While countries like Canada, the USA, and Europe have established extensive mercury monitoring networks in the past three decades, India lacks such a comprehensive system to map the spatio-temporal distribution of mercury across its vast subcontinent. Existing data rely on estimates rather than real-time measurements from various emission sources.12 Further compounding this challenge, India's unique tropical and subtropical climate is shaped by diverse landscapes like the Himalayas, the Thar Desert, and the ocean. Furthermore, the distinct monsoon system in India is likely a key driver of Hg transport.13,14 Understanding Hg emission sources, atmospheric distribution, transformation, and fate is essential for implementing effective mitigation strategies. Therefore, establishing an India-specific understanding of Hg sources and sinks is critical.

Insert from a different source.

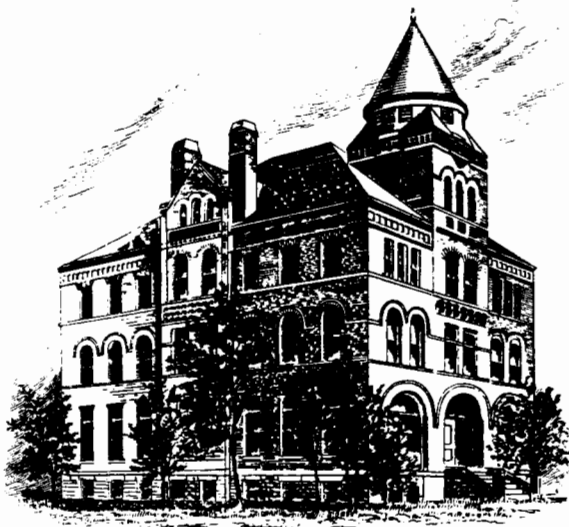
Winnebago City College.

Most studies on mercury pollution in India have focused on measuring atmospheric Hg levels near contaminated sites, which limits our understanding of mercury pollution on a national scale. These localized measurements provide valuable insights, but they do not represent the diverse environmental conditions and emission sources across the vast subcontinent. Moreover, the lack of comprehensive observational data and modelling studies has hindered our ability to assess mercury pollution on a national scale. Studies have shown elevated mercury levels in the blood, urine, and breast milk of residents and workers near an integrated steel plant in Bhilai, Chhattisgarh, with levels exceeding control areas by 30 times.15,16 Similarly, communities residing near coal-fired power plants exhibit higher hair mercury levels compared to urban populations without such facilities.17 While ground observations provide valuable insights into specific regions, chemical transport model simulations offer a powerful tool for comprehensively mapping the spatial and temporal distribution of mercury concentrations and deposition over vast geographical regions. However, existing models vary considerably in their general formulation, spatial resolution, and parameterization of physical and chemical processes. Evaluations from previous studies across different regions18–20 demonstrate the applicability of these models for regional and global assessments over extended periods. The GEOS-Chem model, in particular, has been successfully applied to analyze the seasonal and spatial patterns of wet mercury deposition in the USA, China, and Europe.21–25 While extensively validated for various other regions,26–28 to our knowledge, model-based studies focused on the Indian subcontinent remain scarce. This research aims to address this gap by employing the GEOS-Chem model to investigate the spatiotemporal variability of mercury over India.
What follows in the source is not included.